Дело, вышедшее за рамки обыденного, принесло молодому адвокату успех и известность за пределами провинции. Желая закрепить успех, Робеспьер уговорил Виссери взять на себя расходы по изданию его речей отдельной брошюрой, которая, в сущности, отличалась от брошюры Бюиссара не столько содержанием, сколько формой. Брошюру Робеспьер разослал важным лицам провинции Артуа и изобретателю громоотвода Бенджамину Франклину, находившемуся в то время в Париже в качестве посла Соединенных Американских Штатов. Разумеется, в своем кратком послании «самому знаменитому ученому вселенной» Робеспьер не упоминал о Бюиссаре, что нередко ставится ему в вину. Однако последние разыскания показали, что Бюиссар также отослал Франклину свою брошюру, а Виссери известил ученого о своем деле. Столичная газета «Меркюр де Франс», сообщившая читателям о начале процесса, напечатала, что дело завершилось успехом прогресса, чему немало способствовал как почтенный автор «защитительной речи» Бюиссар, так и «молодой адвокат господин де Робеспьер, явивший как блистательное красноречие, так и прозорливость, позволяющую говорить, что он далеко пойдет». Эти слова особенно польстили Робеспьеру, ведь когда он покидал Париж, в глубине души у него наверняка осталось щемящее чувство горечи, ибо он понимал, что его блестящие характеристики не заменят ни связей, ни тугого кошелька, а потому места под солнцем в столице ему не найти. И вот первая ласточка — заметка в газете, признанная Парижем, городом, где процветала изящная словесность, снискать славу на поприще которой также жаждал Робеспьер. Впрочем, словесность и политика связаны необычайно тесно, особенно протестная политика.

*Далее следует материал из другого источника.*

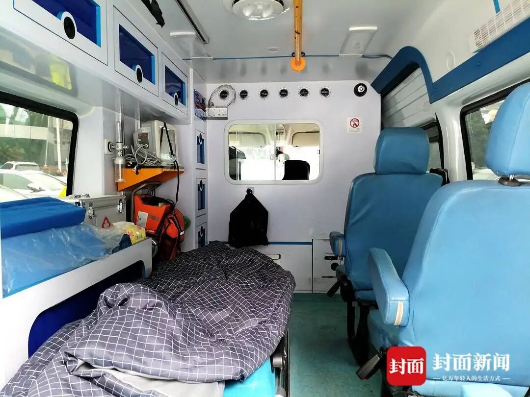 封面新闻记者在现场看到,这辆车的后窗玻璃贴了颜色较深的车窗膜,从外部无法看清内部情况。记者打开车辆后门,发现内部右侧设有3个独立的座位,中间摆放着一台可折叠的推车式病床,左侧设有冷藏设备和装载小型医疗器械和药品柜子,还配备有供氧仪及心电监护仪等医疗设备。

Жизнь в Аррасе была размеренной и однообразной — подъем в шесть утра, работа в кабинете, в восемь приходил парикмахер, завтрак, кабинетные труды, поход в суд, обед (исключительно дома), чашка кофе, прогулка и снова кабинетные труды... Наверняка Максимилиан мечтал о чем-то большем. Возможно, именно из-за этих мечтаний он иногда совершал странные поступки — например, не заметив, что тарелку убрали, черпал ложкой воздух. Или останавливался посреди улицы и внезапно бросался бежать домой, чтобы сесть за письменный стол... Какие страсти полыхали в этом низкорослом, хрупком, но упорном и целеустремленном человеке, какие мысли его обуревали? По словам Шарлотты, лучшие дома Арраса были счастливы принимать ее брата, и, если бы он любил деньги и почести, он мог бы жениться на любой богатой наследнице Арраса. Впрочем, следуя моде, молодой адвокат сочинял подругам сестры корявые мадригалы, презенты же делал весьма необычные: издания своих судебных речей. «Мадемуазель... имею честь послать вам три экземпляра моего доклада. Предоставляю вам право как можно лучше использовать те из них, которые вы не сочтете нужным сохранить», — то ли в шутку, то ли всерьез писал Максимилиан мадемуазель Деэ, подруге Шарлотты. «Сударыня, дерзаю полагать, что докладная записка, посвященная защите угнетенных, может служить приношением, достойным вас, а потому решаюсь послать вам свой труд», — обращался он к неведомой барышне. А с мадемуазель Анаис Дезорти даже позволил себе легкий флирт, причем Шарлотта была уверена, что брат всерьез увлекся этой девушкой. «Несколько раз вставал вопрос о женитьбе, и возможно, Максимилиан женился бы на ней, если бы не голосование его сограждан, вырвавшее его из сладких объятий частной жизни и бросившее на стезю политической карьеры», — пишет она.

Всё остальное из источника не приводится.